Reproduce the listing below character for character; drop every image.

== Segment start ==

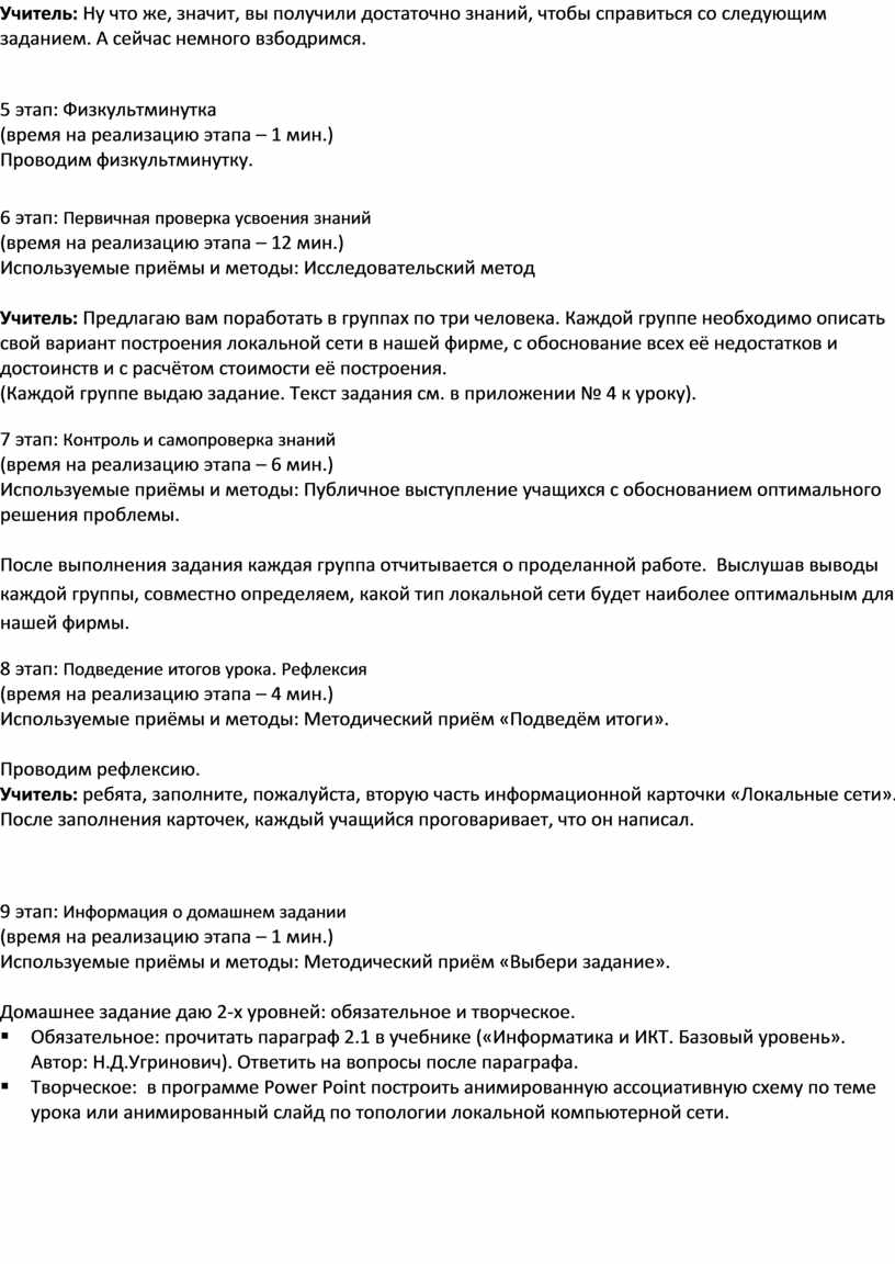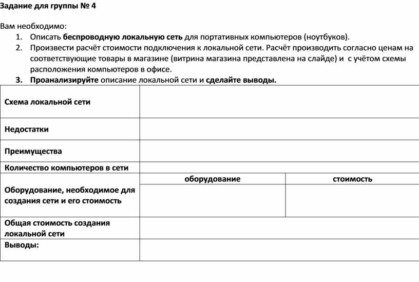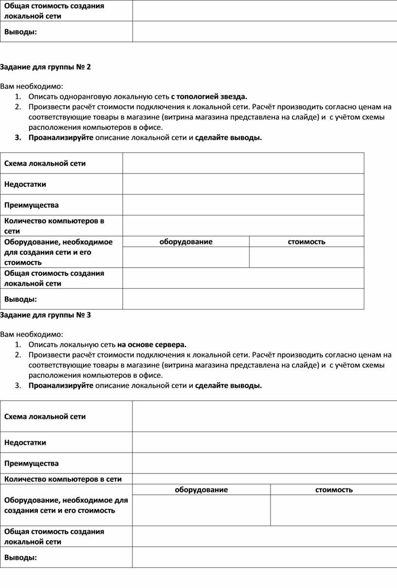 После выполнения задания каждая группа отчитывается о проделанной работе. Выслушав выводы каждой группы, совместно определяем, какой тип локальной сети будет наиболее оптимальным для нашей фирмы.
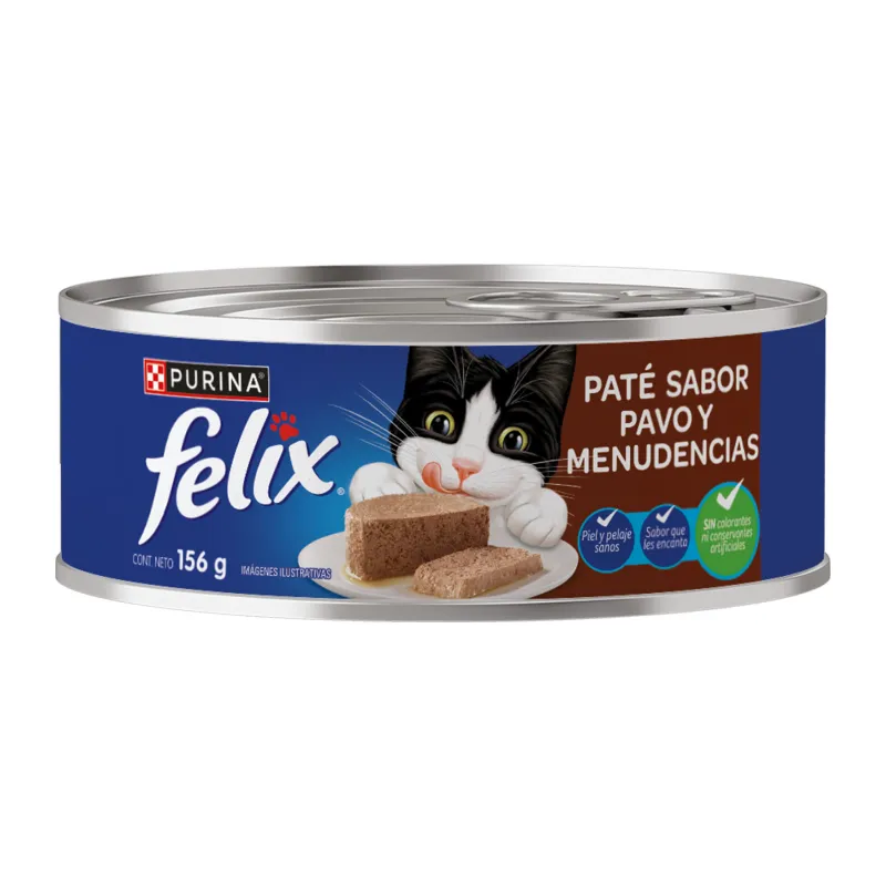 Delicioso paté de pavo y las menudencias, con una suave y agradable textura tendrán a tu gato esperando la hora de comer todos los días.
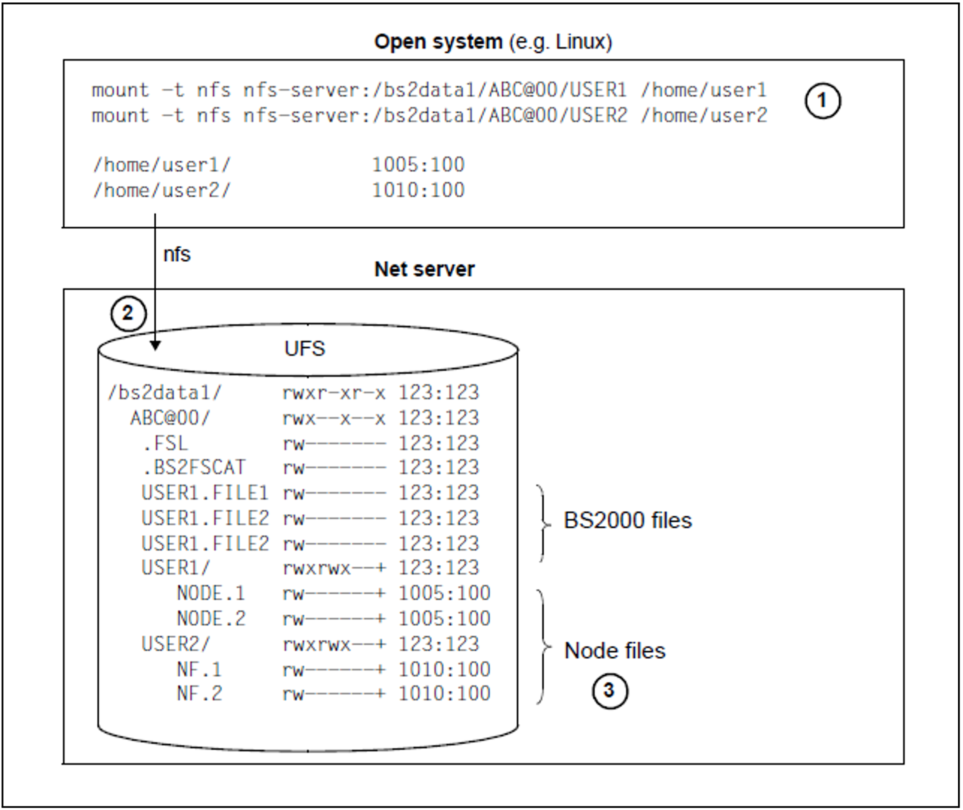 1. Open systems obtain access to BS2000 files and node files on the net server by means of mount commands.
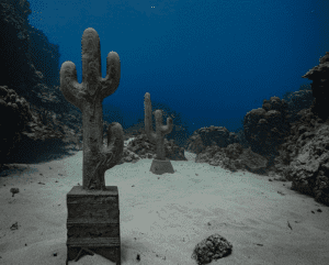 La artista suiza Claudia Comte reúne una serie de esculturas talladas con motosierra para la ocasión, en madera endémica encontrada en Jamaica, durante su residencia en el marco del programa interdisciplinario y colaborativo de TBA21–Academy y Alligator Head Foundation, en Port Antonio. Gracias a este programa, a sus investigaciones y a su pasión por los océanos, Comte ha comprendido que los corales desempeñan un papel fundamental en la producción del oxígeno de la Tierra y que su extinción puede ejercer un profundo impacto sobre la vida en nuestro planeta.
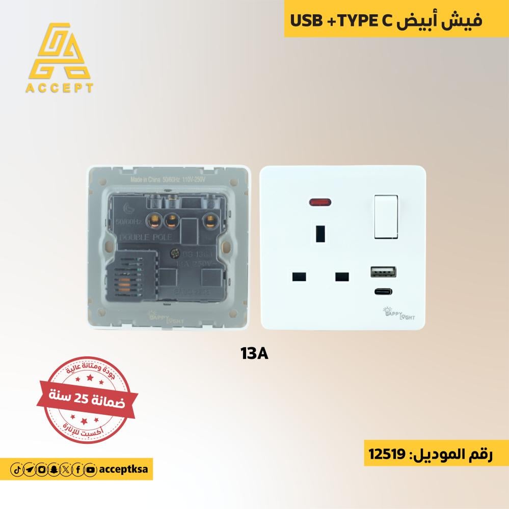 فيش USB (13 أمبير) باللون الأبيض يتمتع بآلية تشغيل سلسة، ويضمن أداءً موثوقًا على المدى الطويل، مع ضمان يصل إلى 25 عامًا، ما يعزز الثقة في جودته العالية.

== Segment end ==

# Task solution:
 После выполнения задания каждая группа отчитывается о проделанной работе. Выслушав выводы каждой группы, совместно определяем, какой тип локальной сети будет наиболее оптимальным для нашей фирмы.
 Delicioso paté de pavo y las menudencias, con una suave y agradable textura tendrán a tu gato esperando la hora de comer todos los días.
 1. Open systems obtain access to BS2000 files and node files on the net server by means of mount commands.
 La artista suiza Claudia Comte reúne una serie de esculturas talladas con motosierra para la ocasión, en madera endémica encontrada en Jamaica, durante su residencia en el marco del programa interdisciplinario y colaborativo de TBA21–Academy y Alligator Head Foundation, en Port Antonio. Gracias a este programa, a sus investigaciones y a su pasión por los océanos, Comte ha comprendido que los corales desempeñan un papel fundamental en la producción del oxígeno de la Tierra y que su extinción puede ejercer un profundo impacto sobre la vida en nuestro planeta.
 فيش USB (13 أمبير) باللون الأبيض يتمتع بآلية تشغيل سلسة، ويضمن أداءً موثوقًا على المدى الطويل، مع ضمان يصل إلى 25 عامًا، ما يعزز الثقة في جودته العالية.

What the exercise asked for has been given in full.